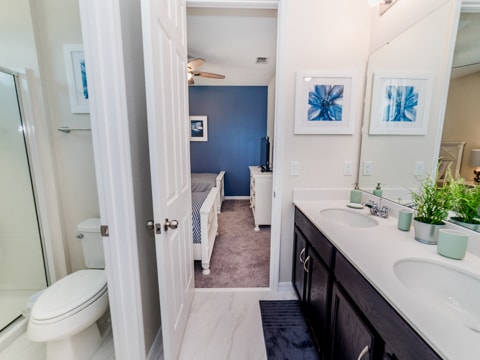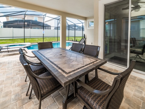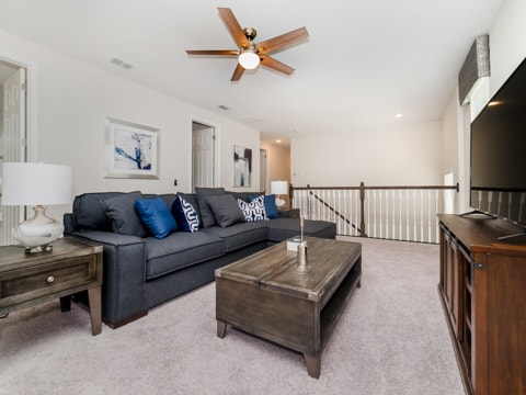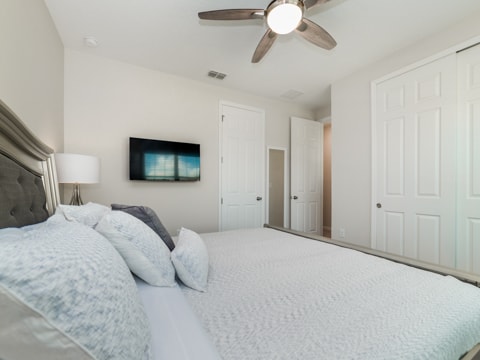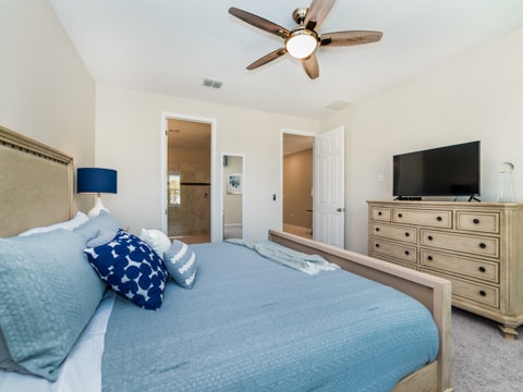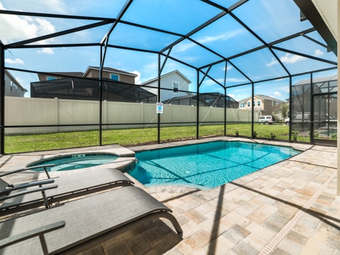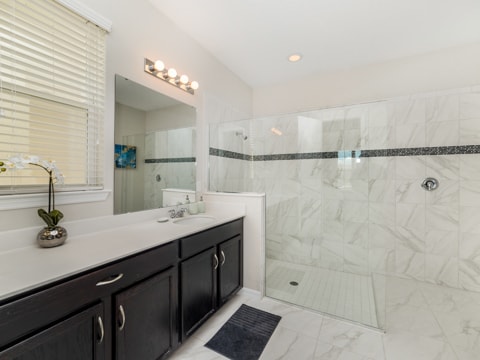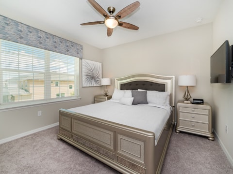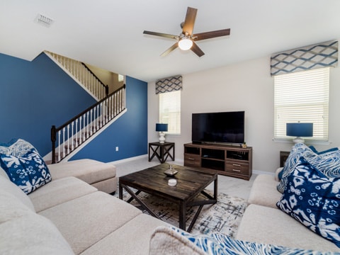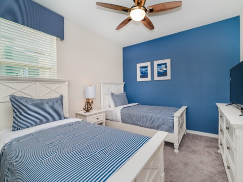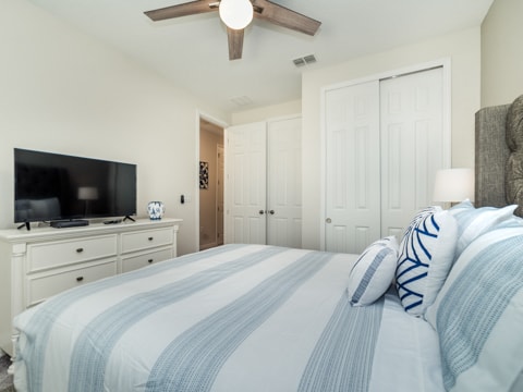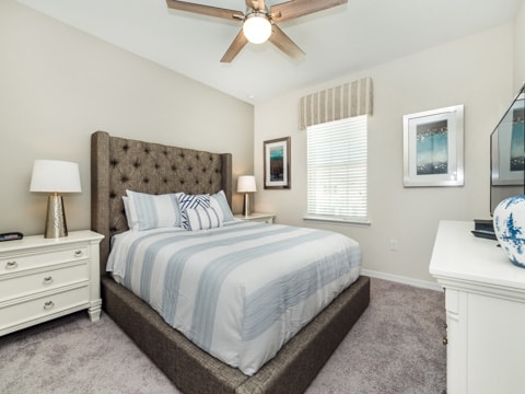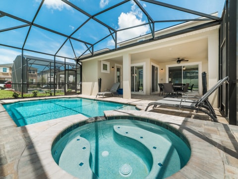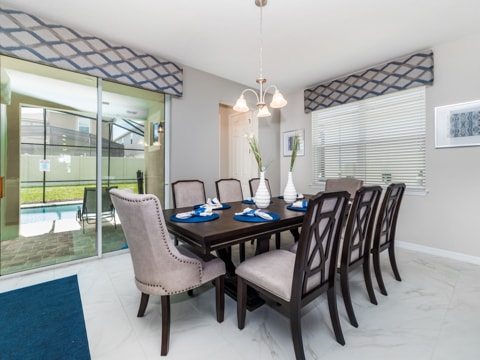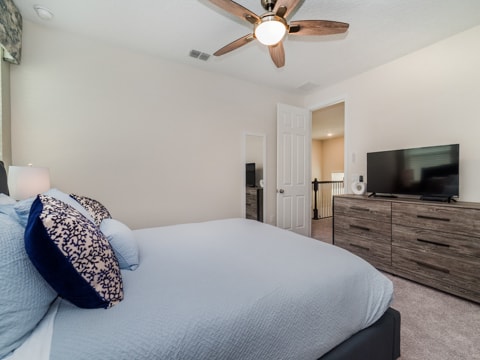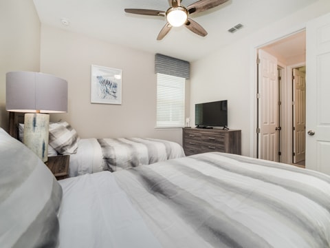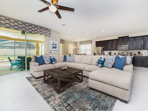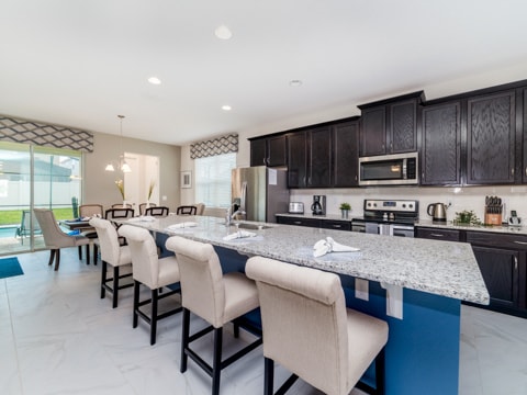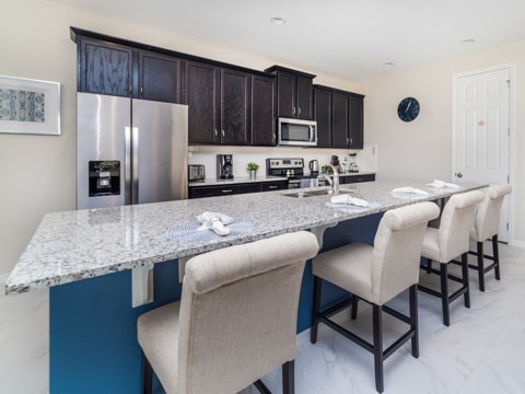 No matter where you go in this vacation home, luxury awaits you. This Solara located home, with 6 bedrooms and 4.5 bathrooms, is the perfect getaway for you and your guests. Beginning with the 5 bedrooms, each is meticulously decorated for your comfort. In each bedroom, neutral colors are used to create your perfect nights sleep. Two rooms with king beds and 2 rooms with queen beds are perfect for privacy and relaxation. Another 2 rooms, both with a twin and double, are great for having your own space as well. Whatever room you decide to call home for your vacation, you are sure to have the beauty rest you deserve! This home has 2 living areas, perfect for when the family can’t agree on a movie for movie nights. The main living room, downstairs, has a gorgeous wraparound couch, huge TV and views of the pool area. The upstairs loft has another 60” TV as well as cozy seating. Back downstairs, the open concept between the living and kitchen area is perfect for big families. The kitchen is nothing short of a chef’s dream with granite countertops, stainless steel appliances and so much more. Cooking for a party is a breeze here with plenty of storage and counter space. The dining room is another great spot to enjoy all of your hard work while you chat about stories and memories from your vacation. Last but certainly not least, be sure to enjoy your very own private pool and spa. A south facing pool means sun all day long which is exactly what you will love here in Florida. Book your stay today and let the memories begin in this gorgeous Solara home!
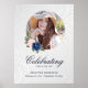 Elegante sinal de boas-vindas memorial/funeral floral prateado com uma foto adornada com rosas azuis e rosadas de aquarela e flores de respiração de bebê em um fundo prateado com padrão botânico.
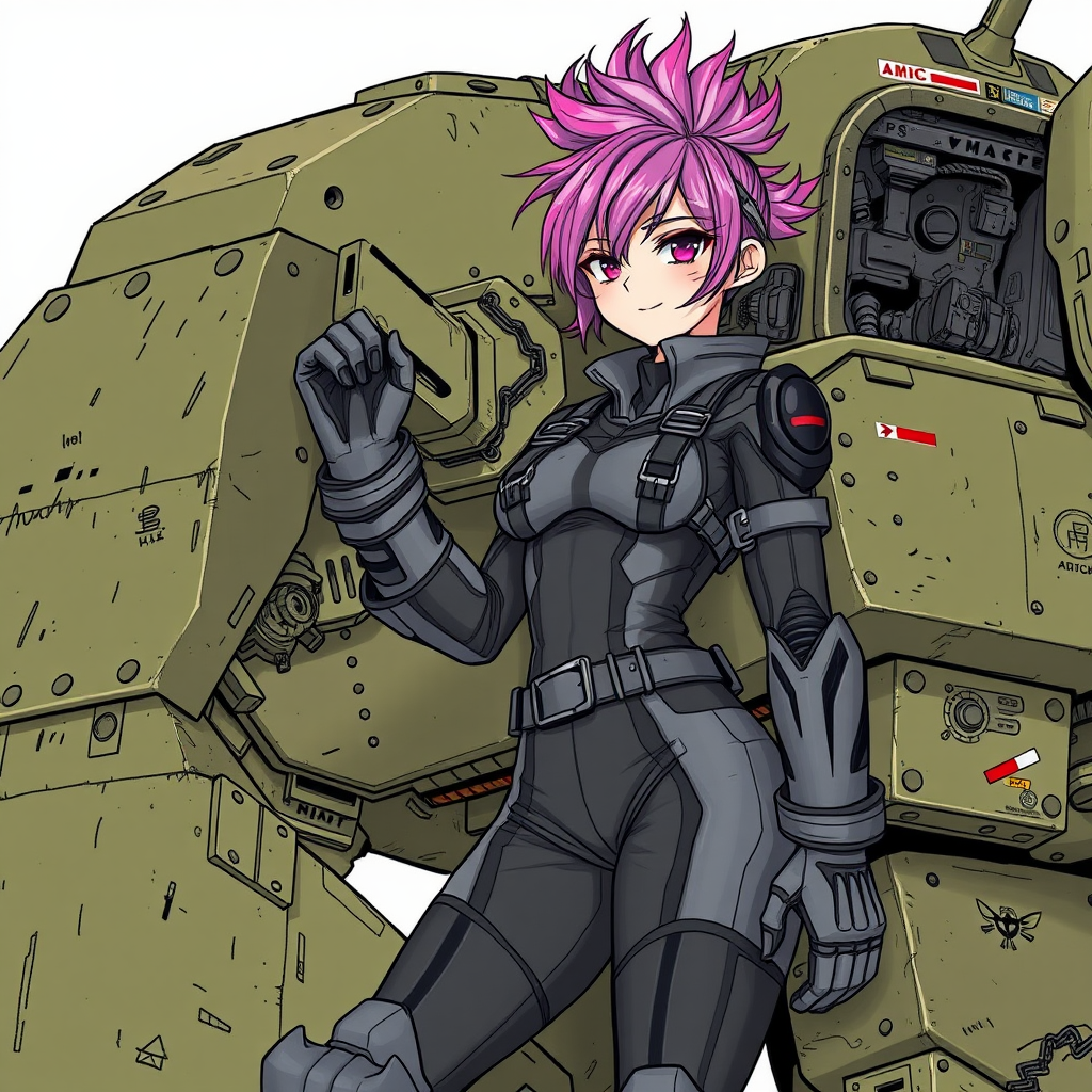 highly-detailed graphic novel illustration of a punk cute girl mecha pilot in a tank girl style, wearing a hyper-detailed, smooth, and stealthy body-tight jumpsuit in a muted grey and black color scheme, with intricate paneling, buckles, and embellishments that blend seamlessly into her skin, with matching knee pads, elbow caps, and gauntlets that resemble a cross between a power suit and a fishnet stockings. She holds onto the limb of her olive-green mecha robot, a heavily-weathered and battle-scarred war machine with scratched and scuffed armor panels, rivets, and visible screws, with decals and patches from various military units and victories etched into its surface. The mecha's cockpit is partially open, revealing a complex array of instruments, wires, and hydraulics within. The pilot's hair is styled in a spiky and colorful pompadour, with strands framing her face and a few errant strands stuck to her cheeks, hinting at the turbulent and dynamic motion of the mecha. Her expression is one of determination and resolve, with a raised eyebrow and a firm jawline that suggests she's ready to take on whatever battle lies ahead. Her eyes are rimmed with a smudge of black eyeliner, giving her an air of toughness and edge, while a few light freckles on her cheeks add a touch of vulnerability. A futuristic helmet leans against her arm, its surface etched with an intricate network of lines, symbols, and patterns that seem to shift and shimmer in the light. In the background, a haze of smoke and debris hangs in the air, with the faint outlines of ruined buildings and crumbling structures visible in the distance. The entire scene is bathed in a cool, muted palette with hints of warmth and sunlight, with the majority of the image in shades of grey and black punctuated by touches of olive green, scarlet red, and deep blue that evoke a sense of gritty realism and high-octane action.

☆ ☆ ☆ ☆

◆ **THE PROBLEM**
A faithful copy of all the data above is required, printed exactly and with no pictures.

◆ **EXERCISE ANSWER**
 No matter where you go in this vacation home, luxury awaits you. This Solara located home, with 6 bedrooms and 4.5 bathrooms, is the perfect getaway for you and your guests. Beginning with the 5 bedrooms, each is meticulously decorated for your comfort. In each bedroom, neutral colors are used to create your perfect nights sleep. Two rooms with king beds and 2 rooms with queen beds are perfect for privacy and relaxation. Another 2 rooms, both with a twin and double, are great for having your own space as well. Whatever room you decide to call home for your vacation, you are sure to have the beauty rest you deserve! This home has 2 living areas, perfect for when the family can’t agree on a movie for movie nights. The main living room, downstairs, has a gorgeous wraparound couch, huge TV and views of the pool area. The upstairs loft has another 60” TV as well as cozy seating. Back downstairs, the open concept between the living and kitchen area is perfect for big families. The kitchen is nothing short of a chef’s dream with granite countertops, stainless steel appliances and so much more. Cooking for a party is a breeze here with plenty of storage and counter space. The dining room is another great spot to enjoy all of your hard work while you chat about stories and memories from your vacation. Last but certainly not least, be sure to enjoy your very own private pool and spa. A south facing pool means sun all day long which is exactly what you will love here in Florida. Book your stay today and let the memories begin in this gorgeous Solara home!
 Elegante sinal de boas-vindas memorial/funeral floral prateado com uma foto adornada com rosas azuis e rosadas de aquarela e flores de respiração de bebê em um fundo prateado com padrão botânico.
 highly-detailed graphic novel illustration of a punk cute girl mecha pilot in a tank girl style, wearing a hyper-detailed, smooth, and stealthy body-tight jumpsuit in a muted grey and black color scheme, with intricate paneling, buckles, and embellishments that blend seamlessly into her skin, with matching knee pads, elbow caps, and gauntlets that resemble a cross between a power suit and a fishnet stockings. She holds onto the limb of her olive-green mecha robot, a heavily-weathered and battle-scarred war machine with scratched and scuffed armor panels, rivets, and visible screws, with decals and patches from various military units and victories etched into its surface. The mecha's cockpit is partially open, revealing a complex array of instruments, wires, and hydraulics within. The pilot's hair is styled in a spiky and colorful pompadour, with strands framing her face and a few errant strands stuck to her cheeks, hinting at the turbulent and dynamic motion of the mecha. Her expression is one of determination and resolve, with a raised eyebrow and a firm jawline that suggests she's ready to take on whatever battle lies ahead. Her eyes are rimmed with a smudge of black eyeliner, giving her an air of toughness and edge, while a few light freckles on her cheeks add a touch of vulnerability. A futuristic helmet leans against her arm, its surface etched with an intricate network of lines, symbols, and patterns that seem to shift and shimmer in the light. In the background, a haze of smoke and debris hangs in the air, with the faint outlines of ruined buildings and crumbling structures visible in the distance. The entire scene is bathed in a cool, muted palette with hints of warmth and sunlight, with the majority of the image in shades of grey and black punctuated by touches of olive green, scarlet red, and deep blue that evoke a sense of gritty realism and high-octane action.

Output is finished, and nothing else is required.